Tuesday, July 10, 2007

science and poetry

sculpture at the Royal Society, originally uploaded by supafly.

As I'm writing this I am being driven crazy by the construction that starts outside around 9:30 every morning. There's always hammering or drilling happening with the occasional swear word thrown in. The worst though is the constant 80's and 90's music that they play. It's all the cheesy stuff too....that's better - I just put on my noise cancelling headphones and am listening to Blossom Dearie instead. (I could also just move to the front room, but why do that?)

On Thursday I went back to the Royal Society for the last day of the Science Exhibition. On the way, I walked by Trafalger square and the Mall. They were setting up bleachers and big screens in Trafalger for the Tour de France opening ceremonies tomorrow and the mall was closed to traffic. It was lined with new trucks and Tour de France vehicles. I walked over to Carlton Terrace and up the stairs of the Royal Society.

The only quiet exhibit room contained information on primate language. You could listen to different chimpanzee sounds and the researcher's explanation for what it means. They also had a machine that showed pitch and loudness of different primate sounds and a microphone so you could try matching their sounds. I tried a few times, but the room was so quiet so it was quite embarrassing to hear myself trying to sound like an orangutan for example.

There was another room that was loud with the sound of airplanes taking off. They are trying to develop technology for quieter aircraft. One of their simplest and most brilliant solutions was to point the engines up instead of down so that most of the sound was above the plane rather than below it. They also gave out cool portable frisbees.

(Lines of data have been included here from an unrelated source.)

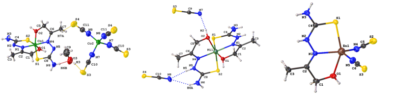 Ndoye, C.; Excoffier, G.; Seck, G. A.; Diouf, O.; Thiam, I. E.; Sidibe, M.; Gaye, M. Crystal Structures of bis[1-(1-Hydroxypropan-2-ylidene)thiosemicarbazide-κ3S,N,O)cobalt(III)-tetra(thiocyanato-κN) cobalt(II) Methanol Solvate, bis{1-(1-Hydroxypropan-2-ylidene)thiosemicarbazide-κ3S,N,O}nickel(II) bis(thiocyanate) and (1-(1-Hydroxypropan-2-ylidene)thiosemicarbazide-κ3S,N,O)bis(thiocyanato-κN)zinc(II). Eur. J. Chem. 2022, 13, 196-205.
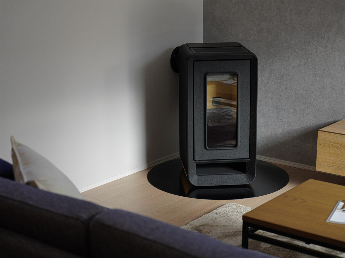 シックなグレーのアクセントウォールに映える、モダンなデザインのペレットストーブ 。
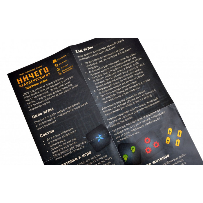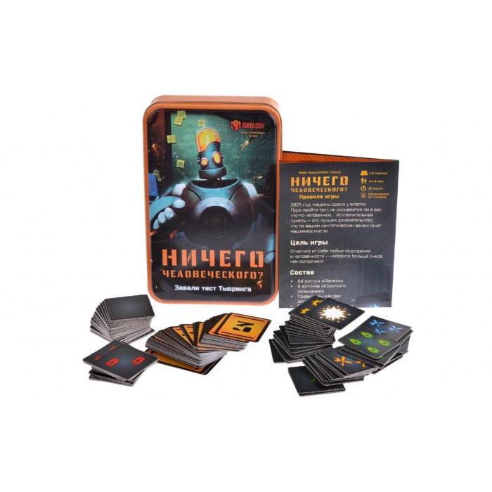"Ничего человеческого?" — это быстрая и веселая игра на развитие памяти. Инновационные правила выводят знакомые с детства "игры на память" на другой уровень, позволяя игрокам взвешивать свой риск и активно взаимодействовать с друг другом.
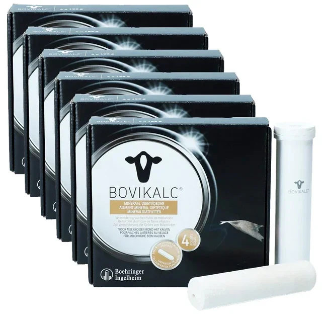 Bovikalc calcium bolus is een aanvullend dieetvoeder, ter voorkoming van of nabehandeling van melkziekte. Bovikalc wordt zowel preventief als ter aanvulling van een calcium infuus aangeraden. Zeer veilig in gebruik, unieke samenstelling en toedieningswijze. Door de bijzondere samenstelling van Bovikalc komt de calcium zowel onmiddellijk als ook geleidelijk beschikbaar. Ter voorkoming van of nabehandeling van melkziekte. Voor preventieve toediening van calcium bij koeien die gevoelig zijn voor melkziekte. Gebruik Bovikalc ter aanvulling van het rantsoen rond de partus bij koeien die gepredisponeerd zijn voor hypocalcemie (melk- of kalf ziekte).
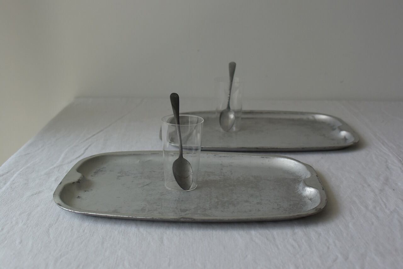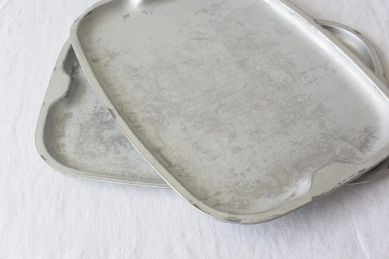 持ち手のあるデザインのアルミトレイはあまり見かけません。
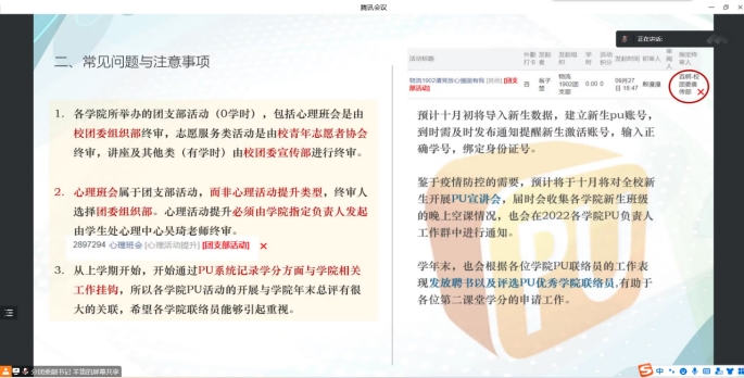 会议伊始,分团委副书记羊笛对“PU口袋校园APP”进行了简要的介绍,结合新生手册、明确香港赛马会 对第二课堂学分的具体要求,并着重强调了PU平台对第二课堂活动管理的重要性。随后,羊笛对PU平台的基本操作展开培训,就活动发起、签到签退、活动完结、申诉流程等方面为大家详细构画了APP使用指南示意图,并陈列出以往工作过程中出现的常见问题及注意事项,帮助团支书熟悉活动的发布以及管理,为将来开展PU活动打下坚实的基础。会议过程中,各班团支书认真聆听并记录要点内容,与主讲人积极互动、深入沟通。此外,为避免后续工作中出现错误和疑惑,分团委组织部的负责人陈思彤同学和刘玺享同学在主讲结束后对接各班团支书,为有疑问的同学进行了一对一的解答。

An exhibit about life in the canopy of the rainforest had many arthropod specimens. There were huge beetles and ones so tiny they looked almost like specks of dust. There were also a few live samples, including dung beetles, a millipede, and a centipede.

In the basement of the Royal Society were the last few exhibits. The clothes of some of the first arctic explorers were on display. I couldn't imagine staying warm in such thin layers of cloth - they must have been cooooold! One of the coolest exhibits let you control a mini ROV (Robot Operated Vehicle) that was in a large fish tank. It's similar to playing the game where you try to pick up things with a robotic claw, except you watch what you are doing on a tv screen and it's hard to do something 3-dimensionally from a 2-dimensional image. Kids were once again overwhelming the exhibit so I just watched them bicker with one another about whose turn it was and how so and so was hogging the machine.

After watching all the exhibits, I walked down to Regent street to Habitat, a store with similar goods for sale as Crate and Barrel. The biggest difference was the in-house wurlitzer organ that was being played when I walked in. There were several old people gathered on couches near the organ and I joined them for a little while.

Next, I walked down to Carnaby street. I was going to get some sticky toffee pudding, but decided I better have something more substantial and sat down in a quiet corner of a pub for sausage and mash instead.

After taking some time to read and rest, I took the tube to the Southbank Centre. I walked through their Operation Soapbox maze, where people could leave messages throughout and then went next door for a poetry slam. All the poets were teenagers and many of their works were about the violence they had seen. The two that impressed me the most were only 12-years old and great beatboxers!